Assumptions and deviations
- IIV scale. Table 2 prints each IIV as “% CV” but the CL/F-Vc/F covariance as a raw value (0.209). A covariance can only be reported on the raw OMEGA scale, so the diagonals are taken on the same scale: omega^2 = (CV/100)^2. The printed %RSEs support this: the bootstrap 95% CIs of the CL/F, Vc/F and Ka rows imply omega^2 RSEs of 4.5%, 4.6% and 7.1% under this reading (printed 4.4%, 4.6% and 6.9%), versus 4.1%, 3.9% and 4.6% under the omega^2 = log(1 + CV^2) reading. The resulting CL/F-Vc/F correlation is 0.81.
- Ka unit. Table 2 prints the Ka unit as “liters/h”; it is a first-order rate constant (1/h), as in the Table 2 footnote equation.

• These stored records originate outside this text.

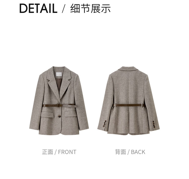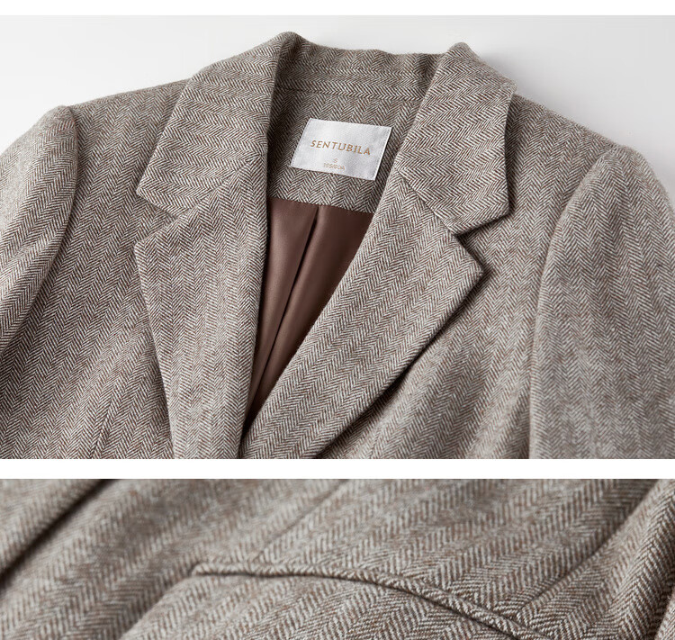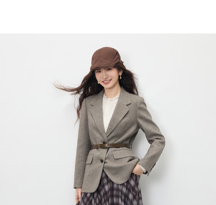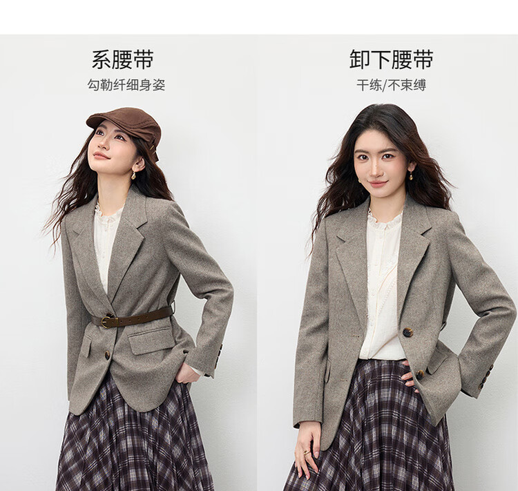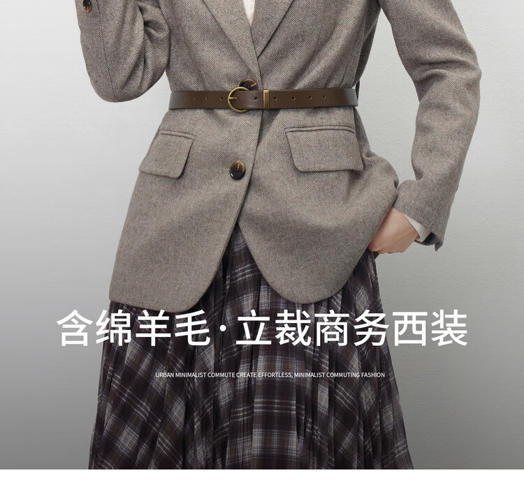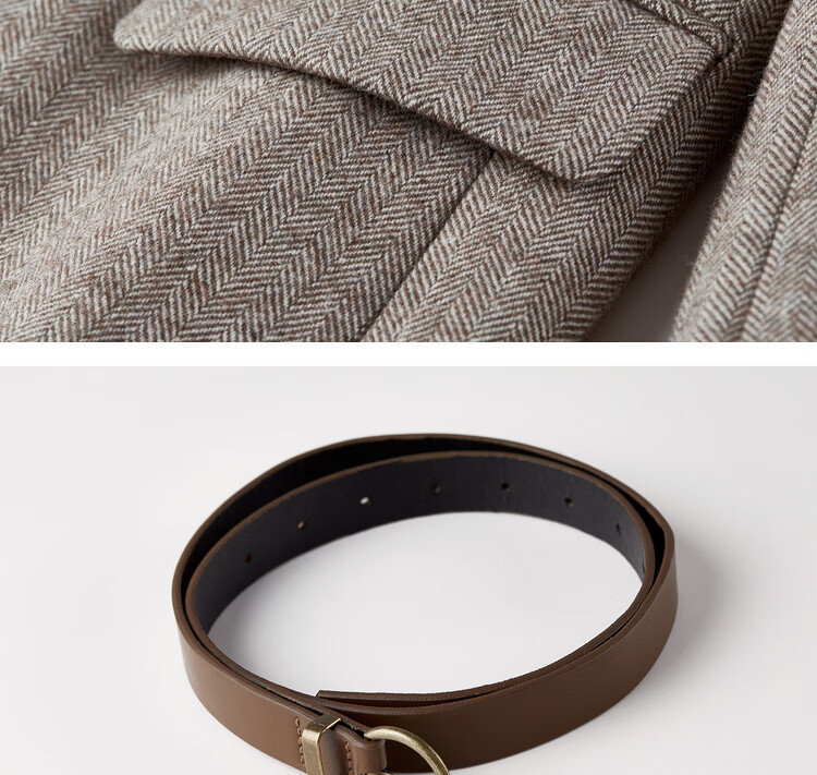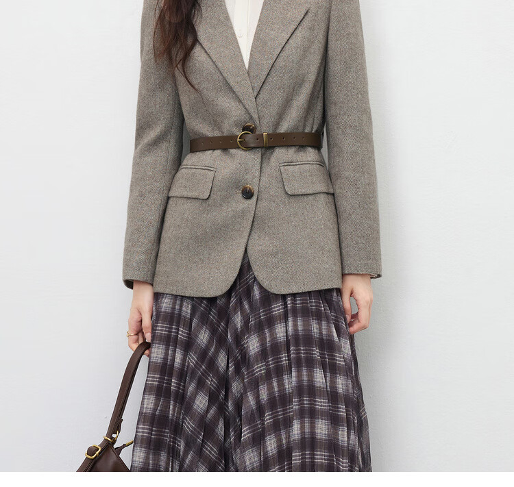 Shandubila sheep wool tailored suit for women winter flat lapel shoulder pad small suit belt slim herringbone business jacket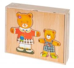 Drewniana układanka to 2 wesołe misie do układania. Można zmienić im nastrój lub ubranie. Wszystkie elementy umieszczone są w drewnianym pudełku, co ułatwia utrzymanie zabawki w porządku po skończonej zabawie. Pudełko ma również funkcję formy na której układamy odpowiednie elementy.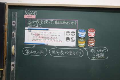 本来の問いは、組み合わせが何通りあるのか考えるものだったのですが、昨日の魔法陣がそのままだと使えないと子どもたちは混乱気味でした。しかし、つぶやきをきっかけに新たな考えが生まれたり、魔法陣を生かした考え方が生まれたりと、みんなでいろんな意見を見つけることができました。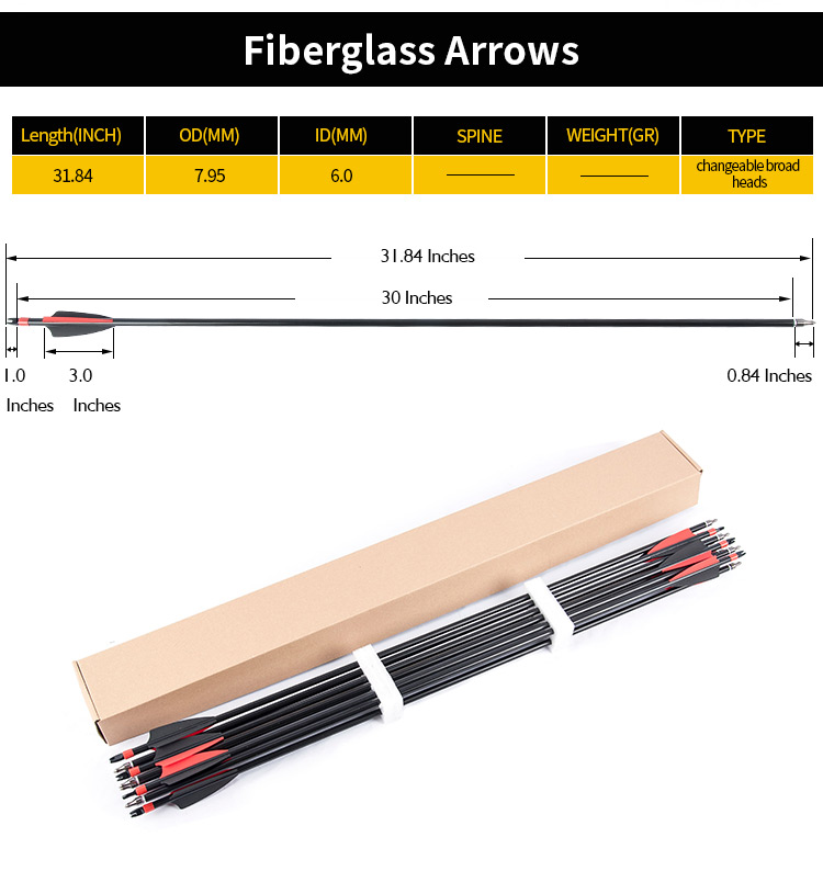 TOPOINT 30inch 8mm Fiberglass Hunting Practice Arrows

- Dose basis. No molecular-weight correction between baloxavir marboxil and baloxavir acid appears in the paper; CL/F and V/F are taken as referenced to the administered baloxavir marboxil dose, as in the prior baloxavir models.
-
Removed covariates. ALT on CL/F, age on CL/F and
Vc/F, gender on Vc/F and food (fed) on F were in the full model but
removed from the final model; they are documented in
covariatesDataExcludedand not implemented. - Virtual cohort. CAPSTONE-2 bodyweight and sex distributions are not reported separately, so the Table 1 all-patient distributions per race were used. The Table 3 AUC is not labelled; AUC0-inf is compared.
- Exposure-response. Tables 4 and 5 are descriptive summaries by exposure category, not a fitted model, and are not reproduced.